Queste prospettive sono tracciate chiaramente dalla psicologia di comunità, dove tra tutti trova rilievo il concetto dell'empowerment:

"Il concetto di potere è comunemente legato a un'idea di dominio e di possesso che non ne fa cogliere gli aspetti costruttivi e di sviluppo. E' a questo tipo di potere che fa riferimento l'empowerment, un potere non di oppressione ma di trasformazione, di attivazione del proprio e/o dell'altrui capitale (Amerio, Piccardo, 2000). Questo aspetto del potere si declina nel sentimento di controllo e di padronanza, nel desiderio di sviluppo e di emancipazione; crea reciprocità, chiama in causa le competenze attive dei soggetti, individuali e collettivi, mettendoli in grado di esercitare un realistico controllo sugli eventi, di far fronte ai cambiamenti o di produrre loro stessi delle condizioni di cambiamento. [.] La capacità di controllo è notoriamente considerata fonte di benessere e molti contributi teorici sono in grado di sostenere tale ipotesi [.]. Viceversa, la mancanza di potere può essere patogena e fonte di disturbi psicologici per coloro che la vivono. Può derivare da molti fattori tra loro interagenti di carattere soggettivo ma anche oggettivo, come ad esempio l'insicurezza economica, il mancato accesso alle informazioni, l'appartenenza a gruppi stigmatizzati, che facilitano l'interiorizzazione di immagini di sé negative e rendono meno capaci di pensare a se stessi coma a individui meritevoli, aventi il diritto e/o il potere di cambiare se stessi o la propria vita. [.] L'empowerment è un costrutto multilivello che spinge a pensare in termini di promozione della salute, di auto-aiuto e di definizioni multiple di competenza. La teoria dell'empowerment collega il benessere dell'individuo al contesto sociale e politico al quale egli appartiene e sostiene che le comunità possono migliorare la vita dei propri abitanti offrendo loro occasioni di essere attivi e di partecipare ai processi decisionali della comunità stessa"[7].

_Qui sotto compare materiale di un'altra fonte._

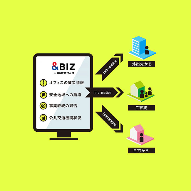 災害時、お客様にとって遠隔地にあるオフィスの迅速な状況把握は大きな課題になります。危機管理センターでは、把握した災害情報のうち、お伝えすべきものについてはウェブサイトなどを通じて発信。『三井のオフィス』で働くみなさまのご家族にもご安心いただけるよう努めています。

X La famiglia: un'unita' DI RIFERIMENTO imprescindibile

Quando una coppia decide di avere un figlio, compie un'importante passaggio di struttura. La nascita di un figlio attua un significativo stravolgimento degli ordini affettivi e un loro necessario riassetto: avviene nella coppia un sostanziale cambiamento, dove l'affettività, da percorsi lineari, passa a flessioni triangolari, speculari e tridirezionali. L'investimento progettuale affettivo, che può attuarsi per definizione solo su "un terzo", nella scelta d'essere oltre che coppia, genitori, eleggendo il figlio quale meta di sviluppo progettuale, implica l'introduzione in un nuovo assetto identitario, assunto innanzitutto attingendo nel proprio materiale affettivo-evolutivo, nei propri modelli identificatori (Siegel, Hartzell, 2003; Gambini, 2007).

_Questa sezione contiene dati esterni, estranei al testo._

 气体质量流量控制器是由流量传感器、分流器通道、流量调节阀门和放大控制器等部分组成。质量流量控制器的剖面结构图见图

Nel momento in cui si sceglie di diventare genitori già sono state mobilitate fantasie identificatorie e anticipatorie. La nascita del figlio è l'evento entro cui si iniziano a incontrare, o scontrare, tali fantasie con gli aspetti di realtà. Queste fantasie in modo più o meno preminente accompagnano per tutto l'arco di vita; anzi potremmo considerarle come dei coefficienti endogeni che orientano e danno continuità, tra la vita che è stata, quella che è, e quella che sarà: nei genitori esiste un modello attualizzatore dell'identità genitoriale per ogni fase della di vita, così come esiste una fantasia anticipatoria del figlio, per ogni sua fase di crescita, e per ogni attivazione di un modello, o fantasia anticipatoria, esiste uno scarto significativo con la realtà e con le prospettive che questa offre (Scabini, Cigoli, 2000).

La nascita di un figlio, il diventare genitori, il "crescere assieme", sono condizioni dove in continuo si attualizzano fantasie che necessitano di una costante elaborazione: questo processo non è affatto passivo, ma passa per fisiologiche crisi, elaborazioni di lutti (tra ciò che si aspetta e ciò che si ha), ri-organizzazioni progettuali; in sostanza con una definizione molto generale potremmo sintetizzare affermando che questo processo si disegna come una serie di cambiamenti che espongono a livelli (variabili, ma non eliminabili) di stress, come pure a considerevoli occasioni di sviluppo esistenziale e di profondissime gratificazioni ed arricchimenti affettivi.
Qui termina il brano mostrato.